==== DATA SEGMENT

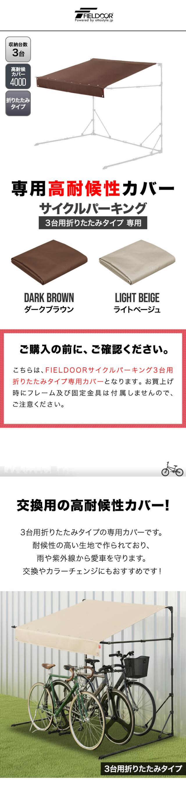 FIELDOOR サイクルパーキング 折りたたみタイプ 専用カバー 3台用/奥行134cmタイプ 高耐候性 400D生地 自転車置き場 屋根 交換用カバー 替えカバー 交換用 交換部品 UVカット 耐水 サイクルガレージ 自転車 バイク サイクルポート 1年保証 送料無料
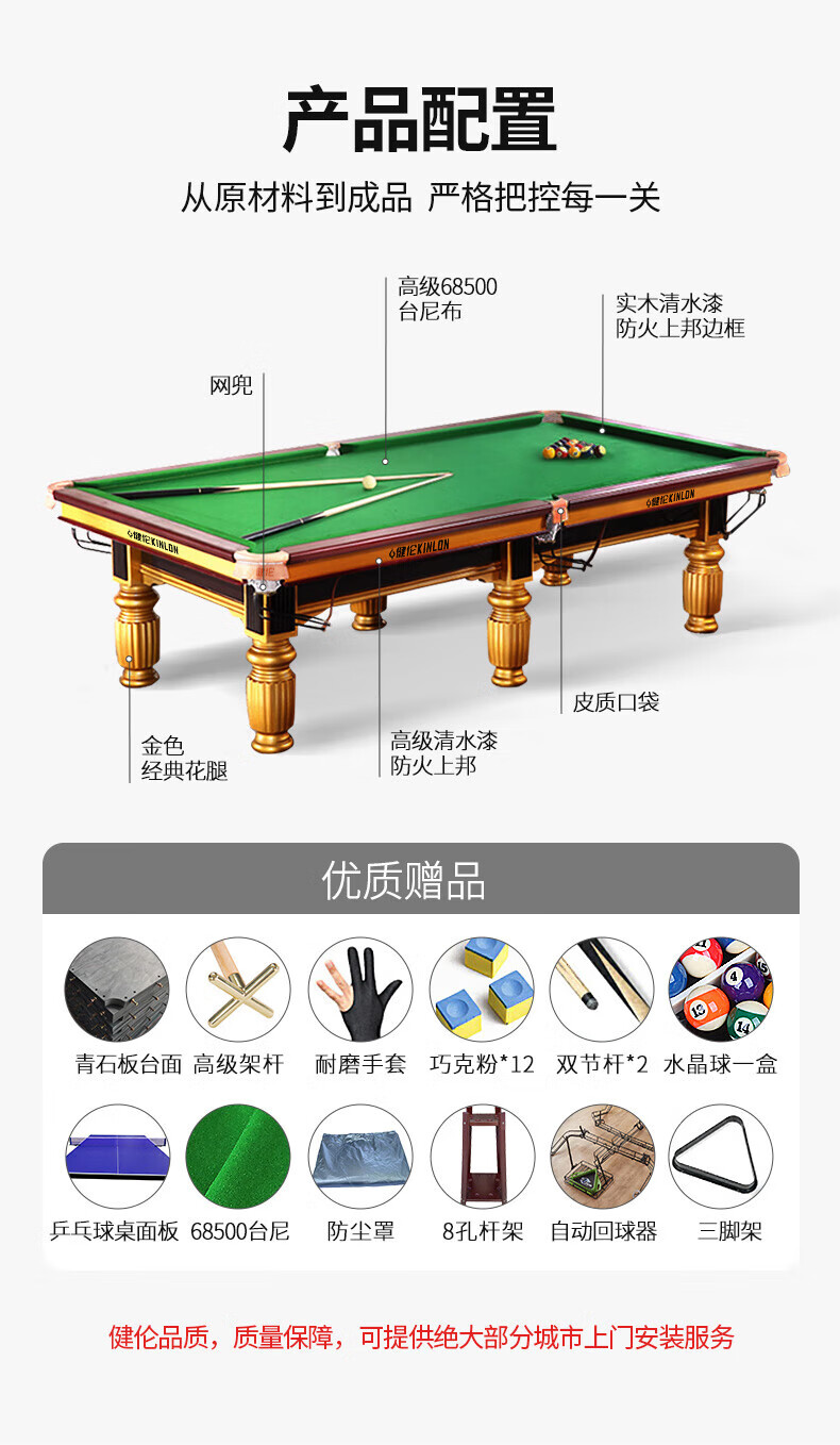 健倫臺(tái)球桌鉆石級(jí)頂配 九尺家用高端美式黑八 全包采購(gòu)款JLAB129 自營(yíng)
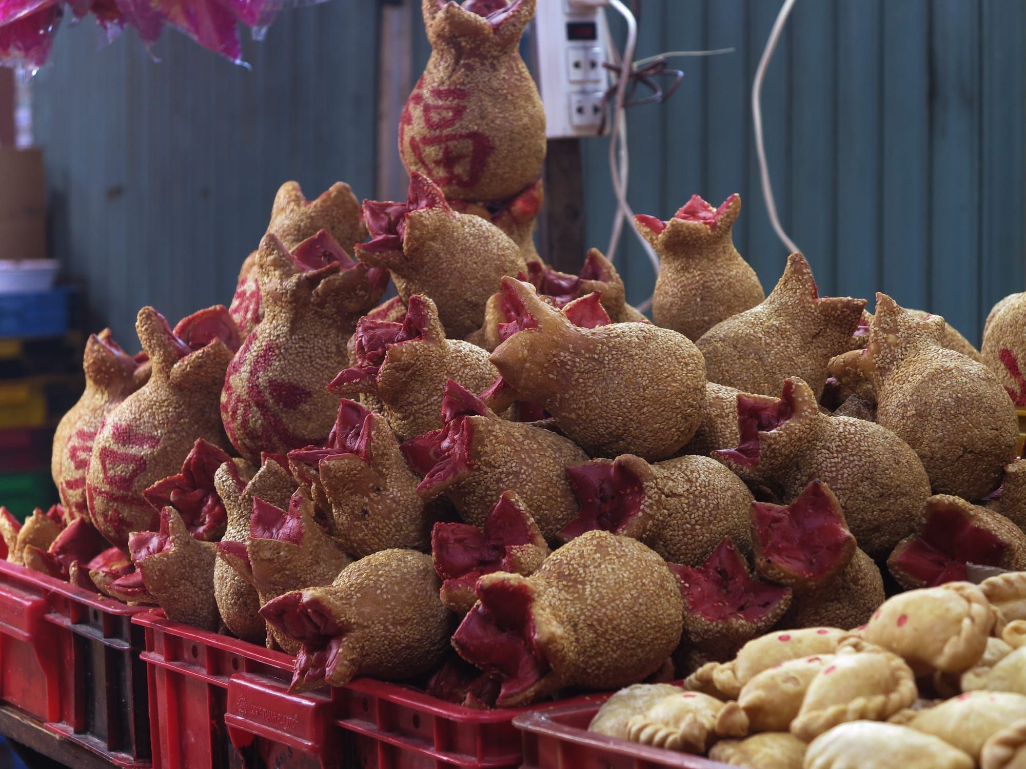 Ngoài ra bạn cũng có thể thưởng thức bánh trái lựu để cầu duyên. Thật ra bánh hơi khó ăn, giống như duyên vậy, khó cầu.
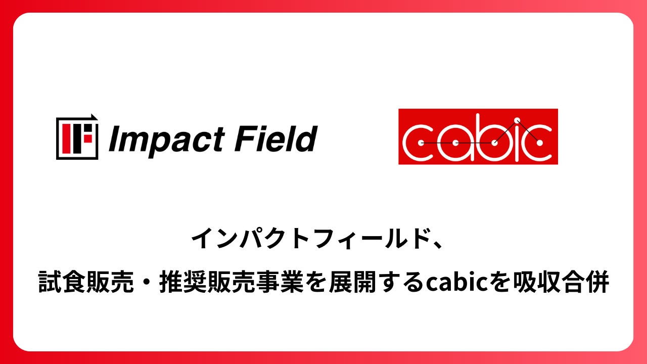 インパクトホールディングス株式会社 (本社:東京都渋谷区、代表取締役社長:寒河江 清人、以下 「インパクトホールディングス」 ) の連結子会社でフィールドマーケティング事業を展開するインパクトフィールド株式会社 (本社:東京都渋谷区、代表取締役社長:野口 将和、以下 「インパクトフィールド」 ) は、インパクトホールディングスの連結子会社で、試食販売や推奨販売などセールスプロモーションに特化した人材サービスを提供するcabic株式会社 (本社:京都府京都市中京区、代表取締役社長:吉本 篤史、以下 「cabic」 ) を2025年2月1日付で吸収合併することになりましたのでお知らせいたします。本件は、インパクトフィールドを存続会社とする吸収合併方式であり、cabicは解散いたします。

========

▸ ABOUT THIS EXERCISE
Reproduce the data verbatim and omit each image.

▸ THE COMPLETED TASK
 FIELDOOR サイクルパーキング 折りたたみタイプ 専用カバー 3台用/奥行134cmタイプ 高耐候性 400D生地 自転車置き場 屋根 交換用カバー 替えカバー 交換用 交換部品 UVカット 耐水 サイクルガレージ 自転車 バイク サイクルポート 1年保証 送料無料
 健倫臺(tái)球桌鉆石級(jí)頂配 九尺家用高端美式黑八 全包采購(gòu)款JLAB129 自營(yíng)
 Ngoài ra bạn cũng có thể thưởng thức bánh trái lựu để cầu duyên. Thật ra bánh hơi khó ăn, giống như duyên vậy, khó cầu.
 インパクトホールディングス株式会社 (本社:東京都渋谷区、代表取締役社長:寒河江 清人、以下 「インパクトホールディングス」 ) の連結子会社でフィールドマーケティング事業を展開するインパクトフィールド株式会社 (本社:東京都渋谷区、代表取締役社長:野口 将和、以下 「インパクトフィールド」 ) は、インパクトホールディングスの連結子会社で、試食販売や推奨販売などセールスプロモーションに特化した人材サービスを提供するcabic株式会社 (本社:京都府京都市中京区、代表取締役社長:吉本 篤史、以下 「cabic」 ) を2025年2月1日付で吸収合併することになりましたのでお知らせいたします。本件は、インパクトフィールドを存続会社とする吸収合併方式であり、cabicは解散いたします。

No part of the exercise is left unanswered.